Ceramic structures were bonded to a fiber-reinforced epoxy resin-based (G10- NEMA G10, International Paper, Hampton, SC, USA), which served as a dentin analog substrate [ , ]. That is, 25-mm in diameter G10 cylinders were cut in slices of 4 mm thick using a diamond disc on a metallographic cutting machine (Struers Minitron, Copenhagen, Denmark) under water cooling. Aluminum oxide particles (D50 = 110 μm; Renfert do Brasil, Ribeirão Preto, Brazil) were used to sandblast (20 s) the bonding surface of G10 with a pressure of 2 bars from a 10-mm distance. The bonding surface of all ceramic structures was also sandblasted as described for G10. Both G10 and ceramic structures were sonically cleaned in a distilled water bath (5 min), water-sprayed and air-dried before the adhesive process. The adhesive system (Primers A and B, Ivoclar Vivadent, Schaan, Liechtenstein) was applied on the sandblasted surface of G10. Bonding surface of the ceramics was treated with silane (Monobond S, Ivoclar Vivadent, Schann, Liechtenstein) for 3 min and air-dried for 10 s. The dual resin cement containing phosphate monomer (MDP) (Multilink N, Ivoclar Vivadent, Schaan, Liechtenstein) was mixed and applied on the treated surfaces of G10 and ceramic, which were bonded together and placed under a 750 g load for 1 min.

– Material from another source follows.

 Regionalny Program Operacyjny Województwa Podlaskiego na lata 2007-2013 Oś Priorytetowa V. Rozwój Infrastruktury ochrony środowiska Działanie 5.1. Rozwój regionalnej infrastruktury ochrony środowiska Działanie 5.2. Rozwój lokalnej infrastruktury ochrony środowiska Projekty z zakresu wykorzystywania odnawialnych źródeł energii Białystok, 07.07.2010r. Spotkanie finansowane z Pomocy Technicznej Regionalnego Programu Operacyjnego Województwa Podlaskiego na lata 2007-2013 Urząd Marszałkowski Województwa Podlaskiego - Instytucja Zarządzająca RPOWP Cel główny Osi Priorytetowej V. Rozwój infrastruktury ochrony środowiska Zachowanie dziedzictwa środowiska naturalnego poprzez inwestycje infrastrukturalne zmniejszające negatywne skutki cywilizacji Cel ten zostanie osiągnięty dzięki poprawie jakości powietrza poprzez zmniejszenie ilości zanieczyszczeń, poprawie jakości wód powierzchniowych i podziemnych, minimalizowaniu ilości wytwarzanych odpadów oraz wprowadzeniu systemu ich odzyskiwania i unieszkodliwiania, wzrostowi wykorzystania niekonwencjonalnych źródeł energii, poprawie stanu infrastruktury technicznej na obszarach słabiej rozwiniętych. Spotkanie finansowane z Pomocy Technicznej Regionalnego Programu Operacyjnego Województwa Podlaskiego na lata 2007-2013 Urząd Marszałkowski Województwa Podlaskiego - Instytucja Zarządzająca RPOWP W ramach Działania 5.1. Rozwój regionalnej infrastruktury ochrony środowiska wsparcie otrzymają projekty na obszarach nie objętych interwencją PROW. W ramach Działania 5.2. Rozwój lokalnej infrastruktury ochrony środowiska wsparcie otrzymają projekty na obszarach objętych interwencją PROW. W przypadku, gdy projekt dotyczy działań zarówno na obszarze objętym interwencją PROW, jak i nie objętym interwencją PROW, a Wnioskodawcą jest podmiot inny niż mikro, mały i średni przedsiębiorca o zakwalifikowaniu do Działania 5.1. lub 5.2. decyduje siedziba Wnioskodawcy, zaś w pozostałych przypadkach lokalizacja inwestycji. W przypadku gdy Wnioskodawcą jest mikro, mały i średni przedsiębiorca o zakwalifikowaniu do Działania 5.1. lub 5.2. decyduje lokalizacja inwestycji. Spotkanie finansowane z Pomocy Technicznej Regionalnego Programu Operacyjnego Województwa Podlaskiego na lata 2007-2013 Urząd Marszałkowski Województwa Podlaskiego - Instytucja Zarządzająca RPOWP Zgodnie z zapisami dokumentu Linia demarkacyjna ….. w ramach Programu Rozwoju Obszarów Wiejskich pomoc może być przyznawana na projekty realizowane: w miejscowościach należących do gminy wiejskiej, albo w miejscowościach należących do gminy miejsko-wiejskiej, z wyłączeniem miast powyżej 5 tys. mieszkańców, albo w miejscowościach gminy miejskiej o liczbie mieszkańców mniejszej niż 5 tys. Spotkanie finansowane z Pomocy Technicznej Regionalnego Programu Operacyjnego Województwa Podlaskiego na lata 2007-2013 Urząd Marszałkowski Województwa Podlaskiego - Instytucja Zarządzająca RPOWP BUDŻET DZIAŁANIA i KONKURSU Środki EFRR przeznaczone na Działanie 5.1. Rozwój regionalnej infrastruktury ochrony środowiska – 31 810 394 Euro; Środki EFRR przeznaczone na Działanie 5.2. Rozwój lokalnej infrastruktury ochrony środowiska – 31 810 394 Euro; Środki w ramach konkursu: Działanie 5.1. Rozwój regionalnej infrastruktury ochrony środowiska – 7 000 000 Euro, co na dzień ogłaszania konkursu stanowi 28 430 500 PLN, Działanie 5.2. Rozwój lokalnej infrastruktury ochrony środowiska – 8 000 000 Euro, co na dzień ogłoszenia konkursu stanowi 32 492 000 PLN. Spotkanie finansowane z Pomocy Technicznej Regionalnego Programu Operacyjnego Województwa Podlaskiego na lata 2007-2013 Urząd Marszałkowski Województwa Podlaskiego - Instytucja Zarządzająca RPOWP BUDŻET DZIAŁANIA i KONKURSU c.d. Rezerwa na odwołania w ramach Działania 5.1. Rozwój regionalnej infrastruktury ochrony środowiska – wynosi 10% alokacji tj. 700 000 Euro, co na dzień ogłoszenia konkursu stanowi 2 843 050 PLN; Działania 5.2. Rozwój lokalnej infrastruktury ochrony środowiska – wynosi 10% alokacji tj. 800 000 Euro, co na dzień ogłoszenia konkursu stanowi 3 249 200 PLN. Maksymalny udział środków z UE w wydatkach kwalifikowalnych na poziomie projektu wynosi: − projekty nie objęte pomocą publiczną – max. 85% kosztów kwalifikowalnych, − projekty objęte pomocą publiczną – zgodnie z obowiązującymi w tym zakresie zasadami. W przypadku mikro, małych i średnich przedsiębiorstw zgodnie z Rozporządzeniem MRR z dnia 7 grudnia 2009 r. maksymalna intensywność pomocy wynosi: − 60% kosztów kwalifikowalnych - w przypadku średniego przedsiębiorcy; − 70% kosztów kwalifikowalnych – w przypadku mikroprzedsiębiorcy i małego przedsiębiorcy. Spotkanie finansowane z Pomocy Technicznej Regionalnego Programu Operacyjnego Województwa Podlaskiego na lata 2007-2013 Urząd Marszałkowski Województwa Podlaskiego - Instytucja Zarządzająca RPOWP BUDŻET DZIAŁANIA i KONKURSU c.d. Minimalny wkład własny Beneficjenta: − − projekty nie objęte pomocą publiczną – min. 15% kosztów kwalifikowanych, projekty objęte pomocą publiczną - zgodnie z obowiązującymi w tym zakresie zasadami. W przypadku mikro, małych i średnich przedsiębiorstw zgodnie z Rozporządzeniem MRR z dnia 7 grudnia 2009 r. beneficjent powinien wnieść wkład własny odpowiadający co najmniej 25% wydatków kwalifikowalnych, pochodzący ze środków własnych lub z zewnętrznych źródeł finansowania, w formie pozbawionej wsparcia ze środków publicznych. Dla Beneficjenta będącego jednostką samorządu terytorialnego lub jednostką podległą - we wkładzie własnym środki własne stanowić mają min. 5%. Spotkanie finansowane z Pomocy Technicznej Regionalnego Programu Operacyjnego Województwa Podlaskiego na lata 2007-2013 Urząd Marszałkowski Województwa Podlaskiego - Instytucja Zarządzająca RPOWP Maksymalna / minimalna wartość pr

Excess cement was removed with a brush (cavibrush, FGM, Joinvile, SC, Brazil) and specimens were light-activated for 40 s from each side using a light curing unit (Bluephase N, Ivoclar Vivadent, Schann, Liechtenstein; 1.200 mW/cm 2 ).

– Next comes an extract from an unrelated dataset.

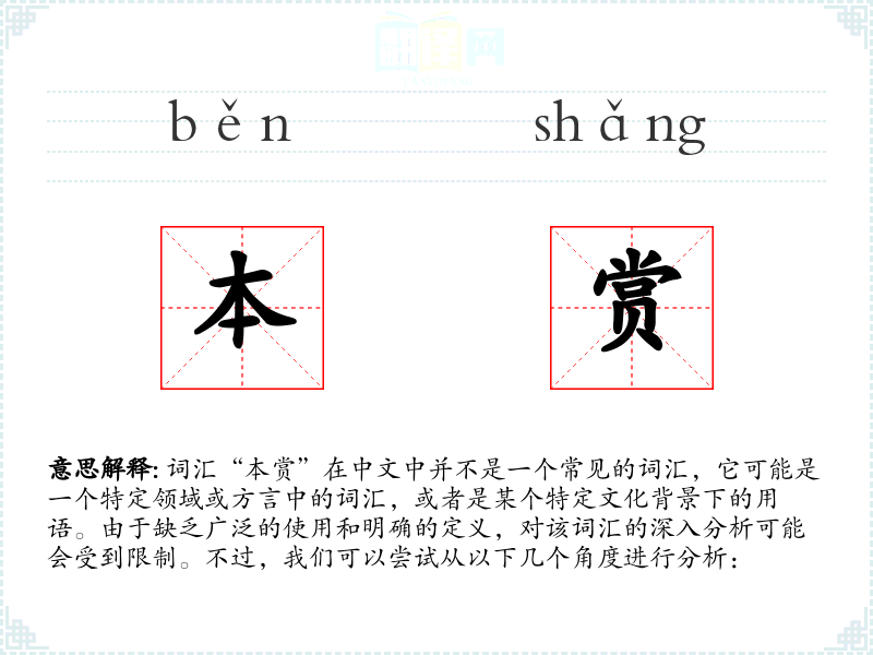 由于“本赏”不是一个标准词汇,我们无法探讨其词源和历史演变。
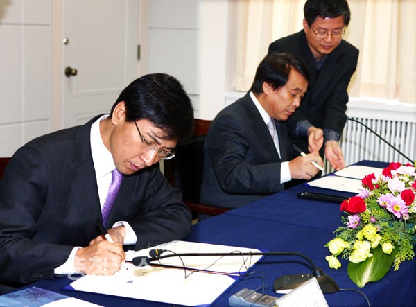 ▲ 안희정 충남도지사와 장영철 한국자산관리공사 사장이 MOU체결에 사인을 하고있다.

Specimens were stored in 37 °C distilled water for 24 h prior to fatigue tests in a pneumatic cycling machine (BioPDI, Biocycle, São Carlos, Brazil) with 2 Hz frequency in distilled water at 37 °C. A load of 80 N was applied to the ceramic surface with a spherical stainless steel metal piston (diameter: 6 mm) [ ]. Test was interrupted after 10 4 , 10 5 , 5 × 10 5 e 10 6 cycles and the presence or absence of failure was recorded. The fatigue protocol (load and number of cycles) was defined based on data from a pilot study. Failure was reported when cracking, chipping or catastrophic fracture was detected. Survived specimens showed no evidence of crack or fracture. Transillumination and optical microscopy were used to examine the specimens and failure report followed fractographic principles. Cracks leading to failure were classified as follows: radial crack, cone crack, and combined (when both radial and cone cracks were presented) [ ].
Fatigue data were analyzed using Kaplan–Meier and Holm–Sidak survival test ( α = 0.05). The relationship between experimental group and the type of crack was analyzed with Chi-square test ( α = 0.05).